Peabody stopped in front of the screens, studied the faces. “Blair Bissel, fall guy.”

“You bet, and by association, Reva would fall with him and Securecomp is compromised. It could-and I think would-have been said that they’d worked together. After all, they were husband and wife.”

“So they were building a frame after all.”

“Contingencies. Blair’d been in the organization long enough for this to occur to him. And if not him, it occurred to Kade.”

“So he took steps to protect himself?” Peabody shook her head. “Really big steps.”

“Not only protection. Factor in the satisfaction of getting back at his blackmailing brother, Homeland-the people, the government who’d use and discard him if things went wrong. Then add a big shit-pile of money.”

“From the technos? He makes a deal with them. Unauthorized information. Something big.”

“He’s the bridge between points A and B, and he knows more about both points, in this aspect, than either point knows of each other. Because he’s the one passing the data. He’s in control of that. Heady stuff for a guy with his personality profile. Why not take more? More control, more power, more money, and get out? Only one way out. Go rogue, and they’ll hunt you down. Both sides.”

“But they won’t hunt if they think you’re dead.”

“There you go. Add to that the HSO busy trying to cover up the mess you left behind, the cops busy investigating a prime suspect handed them on a platter, and the death of the only person who had knowledge of your plans, and you’re in the cozy part of fat city.”

“What went wrong? Why isn’t he sitting in the surf on some island paradise, slurping rum punch and counting his money?”

“Maybe the payment wasn’t made. You don’t want to go putting all your eggs in a terrorist’s basket. They often end up scrambled. But he’d been trained well enough to have a contingency plan of his own. He gave McCoy something. He had to go back for it. She had to die for it.”

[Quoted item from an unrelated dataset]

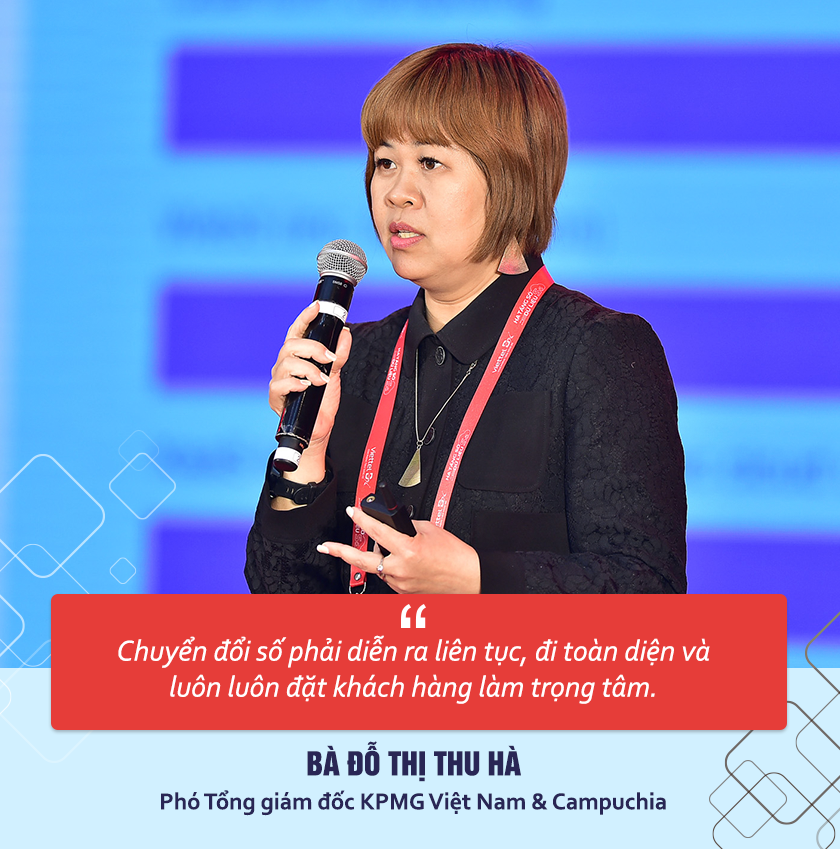 Phát biểu tham luận khắc họa bức tranh toàn cảnh về việc đầu tư công nghệ chuyển đổi số cho doanh nghiệp, bà Đỗ Thị Thu Hà, Phó Tổng giám đốc, Lãnh đạo Khối Cơ sở hạ tầng, Chính Phủ và Y tế Lãnh đạo Tư vấn Giải pháp ESG, KPMG Việt Nam & Campuchia nhấn mạnh 5 điều doanh nghiệp cần lưu ý với chuyển đổi số.

“And meanwhile, the primary isn’t buying his served-on-a-platter prime suspect. With the cops taking a closer look, so’s everyone else.”

“Yeah, things got screwed for him, almost from the start. Roarke’s into this Yeats guy who’s an old, dead Irish writer. He said something about things falling apart. The center doesn’t hold. The center hasn’t been holding for Blair Bissel.”

“And it’s been falling apart since you walked into the first crime scene.”

“He’s desperate, and he’s pissed, and he overthinks. He’s so worried about covering his ass, he keeps exposing it. He needs to stay dead, needs to collect his fee. Hard to do both. Killing Powell and destroying the body identified as his own was stupid. It prevents positive ID, but it also turns the trail around and heads it right back at him. He’s the only one who’d want that evidence destroyed.”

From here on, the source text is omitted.